Hacker Read top | best | new | newcomments | leaders | about | bookmarklet login
Optimizing compilers deduplicate strings and arrays (lemire.me) similar stories update story
41 points by mfiguiere | karma 64616 | avg karma 9.21 2022-09-23 17:40:10 | hide | past | favorite | 32 comments



view as:

The dmd D compiler goes even farther. Each string is given a name based on the hash of its contents. Then, the linker will coalesce all the strings in the program with the same contents into the one string.

That’s true for C/C++ for clang and GCC if you use -fdata-sections for compiling and linking. -function-sections does a similar thing for duplicate functions.

This doesn’t work across executable boundaries (ie shared libraries) for obvious reasons. Not sure if D’s approach makes that work.


-fdata-sections can increase code size if you have lots of small global - the compiler doesn't know where they will be placed and has to generate pointer literals for all of them, in every function that use them (due to function sections). Without data sections it can generate one literal and then use relative addressing.

I've been hitting that in embedded code with tight size constraints.


Doesn’t that all get removed if you LTO?

Does D fold strings with a common suffix? I.e. "bar" to a pointer into "foobar"

I've thought about doing it a few times, but it didn't seem there was much oil in that well.

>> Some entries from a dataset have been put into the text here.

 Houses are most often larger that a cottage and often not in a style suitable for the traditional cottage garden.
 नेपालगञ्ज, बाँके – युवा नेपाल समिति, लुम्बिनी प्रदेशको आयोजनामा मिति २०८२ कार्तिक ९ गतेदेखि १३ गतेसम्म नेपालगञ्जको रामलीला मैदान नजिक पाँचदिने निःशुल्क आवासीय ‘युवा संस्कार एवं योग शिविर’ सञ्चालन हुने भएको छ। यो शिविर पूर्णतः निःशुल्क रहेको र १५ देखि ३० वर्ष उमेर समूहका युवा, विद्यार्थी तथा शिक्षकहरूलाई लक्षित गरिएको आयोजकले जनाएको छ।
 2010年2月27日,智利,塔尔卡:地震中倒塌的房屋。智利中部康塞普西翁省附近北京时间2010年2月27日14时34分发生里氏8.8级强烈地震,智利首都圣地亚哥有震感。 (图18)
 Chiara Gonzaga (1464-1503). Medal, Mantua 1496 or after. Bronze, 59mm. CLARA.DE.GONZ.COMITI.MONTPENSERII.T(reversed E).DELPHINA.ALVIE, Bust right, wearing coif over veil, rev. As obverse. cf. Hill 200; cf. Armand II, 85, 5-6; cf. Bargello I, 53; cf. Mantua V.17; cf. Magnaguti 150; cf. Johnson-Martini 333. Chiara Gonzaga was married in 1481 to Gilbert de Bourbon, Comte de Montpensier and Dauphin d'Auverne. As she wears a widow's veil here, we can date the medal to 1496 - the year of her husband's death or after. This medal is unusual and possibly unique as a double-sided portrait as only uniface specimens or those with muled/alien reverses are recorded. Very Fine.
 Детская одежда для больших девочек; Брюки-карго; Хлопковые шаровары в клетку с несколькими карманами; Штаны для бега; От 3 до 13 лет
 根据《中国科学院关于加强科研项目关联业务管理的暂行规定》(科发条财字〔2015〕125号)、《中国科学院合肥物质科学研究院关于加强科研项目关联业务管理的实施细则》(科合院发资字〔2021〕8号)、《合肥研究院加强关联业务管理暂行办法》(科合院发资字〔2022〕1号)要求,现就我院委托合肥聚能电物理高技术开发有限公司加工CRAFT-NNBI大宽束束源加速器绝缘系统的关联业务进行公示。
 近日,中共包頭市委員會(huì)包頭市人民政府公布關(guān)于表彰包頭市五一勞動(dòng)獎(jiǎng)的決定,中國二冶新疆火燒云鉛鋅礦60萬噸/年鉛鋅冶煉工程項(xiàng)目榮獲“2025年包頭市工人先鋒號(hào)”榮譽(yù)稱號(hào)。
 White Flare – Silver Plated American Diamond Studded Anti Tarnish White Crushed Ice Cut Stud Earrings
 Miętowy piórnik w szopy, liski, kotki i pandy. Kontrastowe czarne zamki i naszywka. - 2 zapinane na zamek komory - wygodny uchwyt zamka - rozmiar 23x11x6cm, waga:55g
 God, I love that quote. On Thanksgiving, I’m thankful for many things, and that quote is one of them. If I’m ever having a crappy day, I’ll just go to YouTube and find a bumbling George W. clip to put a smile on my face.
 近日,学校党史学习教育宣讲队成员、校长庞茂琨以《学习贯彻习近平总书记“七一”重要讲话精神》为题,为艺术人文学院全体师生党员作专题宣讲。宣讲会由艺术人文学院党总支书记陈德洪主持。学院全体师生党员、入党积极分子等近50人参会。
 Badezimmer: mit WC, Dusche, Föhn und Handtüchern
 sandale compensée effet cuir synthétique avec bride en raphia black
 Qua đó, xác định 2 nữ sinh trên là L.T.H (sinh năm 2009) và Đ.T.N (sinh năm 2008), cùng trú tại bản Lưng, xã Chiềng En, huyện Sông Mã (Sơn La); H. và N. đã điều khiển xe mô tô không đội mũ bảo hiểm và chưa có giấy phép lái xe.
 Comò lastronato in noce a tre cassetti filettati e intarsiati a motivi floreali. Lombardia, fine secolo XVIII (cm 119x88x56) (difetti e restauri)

I vaguely remember it as a pattern in a dwarf string table but can't remember if the memory saving was worth the compile time. Thanks

FWIW, GCC does implement this optimization; see https://godbolt.org/z/o81xa94v7 for an example. I've definitely run across real-world samples where it saved some bytes (at the expense of making reverse-engineering a bit more annoying!).

It only happens if you check "compile to binary" there, so I think the linker is actually doing it.

How does that work? “Foo” isn’t a prefix of “Foobar” because it’s actually “Foo\0” and “Foobar\0”.

If the strings have a 0 after them suffixes are more likely to fold than prefixes. bar\0.

`"dear friend"` is in fact a prefix of `"dear friend\0f"` - note the embedded null byte. However, I'm guessing GCC doesn't implement this optimization because it's uncommon for a string constant to contain an embedded null.

GCC does implement suffix deduplication, though: `"foobar"` and `"bar"` share the same storage. For example, in https://godbolt.org/z/o81xa94v7, `foobar` is at 0x402004 and `bar` is at 0x402007.


Yeah that’s a neat trick. SBCL does that with compiled code. It will use different entry points into a function based on the type checker. So checked and unchecked calls share a suffix of machine code.

Surely this doesn't work without const since that would be breaking the expectation of unique objects. I suppose a sufficiently thorough optimizer can check if an array is modified or escapes via a pointer to disable the compaction.

If an object is initialized with a constant, the constant itself can be located in read-only memory and copied to the object at runtime. The constant can then be deduplicated.

const pretty much does nothing to allow optimization in C/C++ :(

It definitely does for globals

I think in general it does something for symbols visible outside the compilation unit (globals, public fields). Otherwise, the compiler usually has enough information to decide if something is actually a constant regardless of the const modifier.

`const` only does something for (global, static, local) variable declarations. The rest is just guidance to for the programmer. It doesn't do anything on pointers, and I think it doesn't do anything on members, but not entirely sure on the last one.

> expectation of unique objects

Is that expectation granted by the language specification? Identity is often a problem with optimisations, but only if the specification guarantees it in the first place.


In C++ string literals are const. In C they are non-const, but modifyng them is undefined behavior regardless.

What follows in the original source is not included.